King was joined by NAACP President Benjamin Jealous and Al Sharpton among others. Inside the court the justices heard arguments from an Alabama county that a key portion of the Voting Rights Act is no longer justified and the time had come for Southern states to be freed from special federal oversight.
Indeed, the court’s conservative justices strongly argued that this key portion of the Voting Rights Act is no longer justified and Congress had little justification for enforcing it.
As reported by The Post’s Robert Barnes, Justice Antonin Scalia was especially skeptical: “The act has come to be seen as a “racial entitlement,” he said. “I am fairly confident it will be reenacted in perpetuity” no matter how much progress the states make in eliminating discrimination.
This view was the clarion call that brought out the old guard of the Civil Rights movement who were more than willing to connect the legacy of Rosa Parka to the Supreme Court case.
“Here we are fighting to defend the Voting Rights Act and the woman who in many ways set the country on fire in the early 1960’s is being honored across the street,” Jealous said.
Judith Brown, co-director of the Advancement Project, was also on the Court’s steps.
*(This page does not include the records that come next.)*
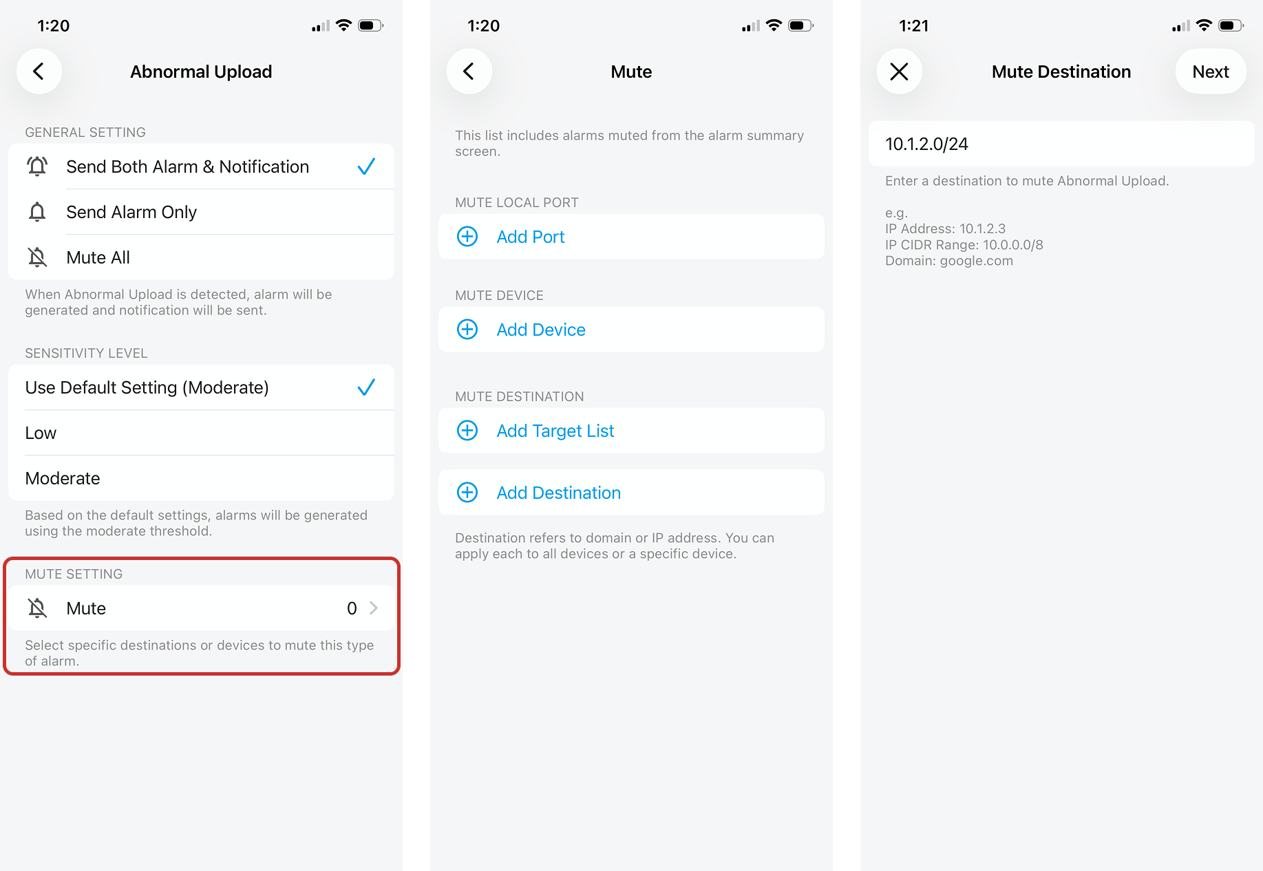 - Mute setting options may vary for each alarm type. For example, muting local ports is only available for Abnormal Upload, Large Upload, and Open Port Alarms. (Muting ports for Abnormal and Large Upload Alarms requires App 1.67 or later)
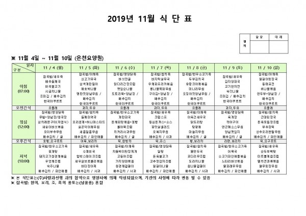 11월 첫째주 식단표 페이지 정보 작성자 은천노인복지회 작성일19-11-12 14:17 조회187,937회 댓글0건 관련링크 이전글 다음글 목록 답변 본문 11월 첫째주 식단표 이전글 다음글 목록 답변
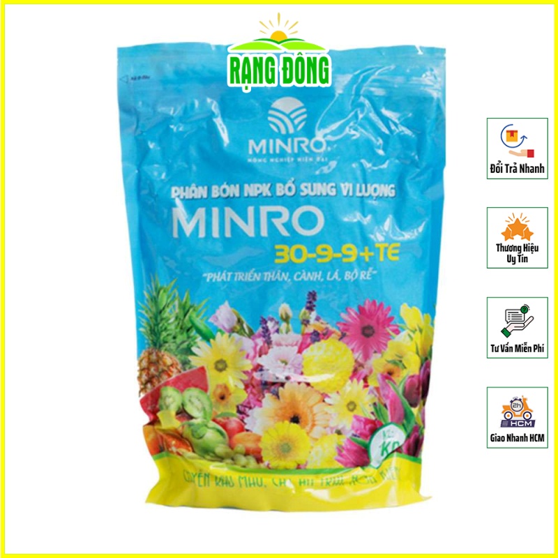 Giới thiệu Phân Bón NPK Minro 30-9-9-TE PHÁT TRIỂN THÂN CÀNH LÁ VÀ BỘ RỄ (gói 1KG) - Hạt giống Rạng Đông

Brown’s group has fought what they describe as voter suppression laws from Pennsylvania to Florida.
“We are celebrating the life of Rosa Parks and all that she gave to this country to be equal but we know that we are not there yet,” she said.
Rev Lennox Yearwood, President of the Hip Hop Caucus and former member of the duo Run DMC said it is past time to bring Parks beyond a history lesson. “We know from Rosa Parks and that generation that we can’t stop pushing. Section 5 is the keystone for Democracy.”
The public wasn’t allowed to see Parks statue until 2 p.m. One of the first people to arrive was 84-year-old Nia Kuumba, a long time DC activist who participated in marches with Parks and King.
“It means a lot to me,” said Kuumba as she stood from a wheel chair and stood in front of the statue. “Each generation must carry on its mission to social justice. The fight is not over.”